The project is obviously strong as ever, and I think it probably helps that
they're both at Joyent. So maybe the succession planning lesson learned here
is to name a successor AND make it someone you can continue to regularly
communicate with.

------
jszmajda
'Just get it out there, it'll be used or not.' I love this point: there's no
need to try and hit perfection, just put it out there and if it's useful
people will help you. That's the beauty of open source.

------
tobias3
I think all this applies only to developer tools/libraries. There interested
people can also help i.e. they find a bug and fix it and if they are nice,
they contribute.

Projects for end-users tend to either have a corporate interest behind them,
are ex-commercial projects, have a strong core developer team without which
the project will die or just live and die unnoticed.

As in every project, if you think 90% is done actually less then 50% is done.
Documentation, installers, etc. are all a lot of work. Try getting a new
package into the major Linux distributions!

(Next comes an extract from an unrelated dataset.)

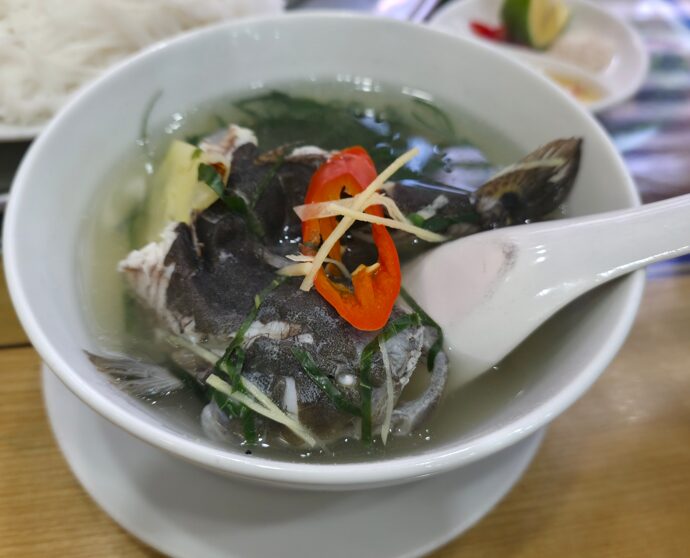 実はコレ,始めの方にでてきた魚のスープ。これまで,なんどかお目見えしているが,いつも子魚が一匹丸ごと入っている。スープはパクチー系の香味がするやさしいスープ。魚の味はしなかったが,これは4毒が入っていない。

If you do not have documentation, installers etc. you won't get users and your
project will be irrelevant - if you are lucky someone contributes, but most
often everybody has his own pet projects in which they are emotionally
invested.

------
icco
This is great. I think the key point of this, is that you gain nothing by
keeping your code squirreled away, but there is a very small possibility
someone else might need something similar and reuse your code if you do put it
out there.